Blume starts her novels with a basic family or personal situation that illustrates the pains and pleasures of growing up. The protagonist conquers some of his or her fears and learns to adjust to changing conditions. Blume is realistic in suggesting continuing and future problems rather than providing simple and permanent solutions. Her main characters are not totally lovable and perfect, and this understanding of human flaws as well as the attention to commonly felt emotions inspires loyalty in millions of Blume readers.

Blume is not notable for her literary style or aesthetic excellence. She is more interested in sociology than literature, and she makes her characters’ exploits determinedly didactic. Her achievement is in her very readable presentation of realistic problems and the clarity with which she captures and reflects contemporary middle-class values.

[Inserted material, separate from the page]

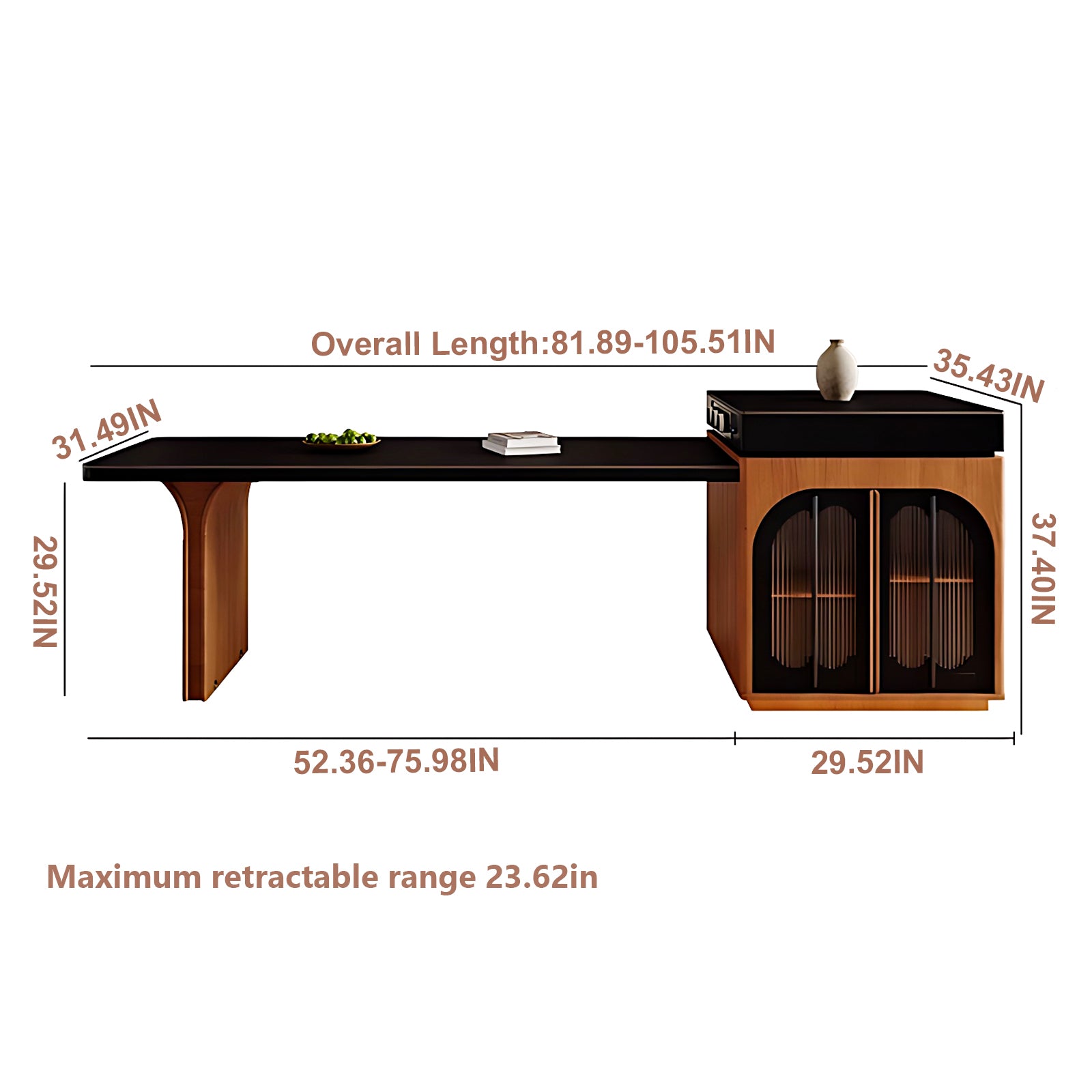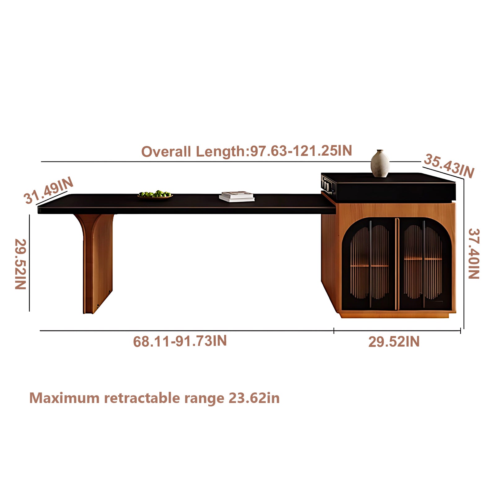 Aihm-Lon Black-Brown Kitchen Island with Extendable Table 74.01"-97.63"

Adults may or may not approve of changes in social mores and their expression in children’s literature, but Blume’s fiction, despite the attempts of the censorious, has permanently expanded the boundaries of adolescent literature.

Bibliography

Blume, Judy. “Places I Never Meant to Be: A Personal View.” American Libraries 30 (1999): 62-67.

Garber, Stephen. “Judy Blume: New Classicism for Kids.” English Journal 73 (April 1984): 56-59.

Gleasner, Diana. Breakthrough: Women in Writing. New York: Walker, 1980.

Lee, Betsy. Judy Blume’s Story. Minneapolis: Dillon Press, 1981.

Naylor, Alice Phoebe, and Carol Wintercorn. “Judy Blume.” In American Writers for Children Since 1960: Fiction, edited by Glenn Estes. Vol. 52 in Dictionary of Literary Biography. Detroit: Bruccoli Clark, 1986.

Weidt, Maryann. Presenting Judy Blume. Boston: Twayne, 1990.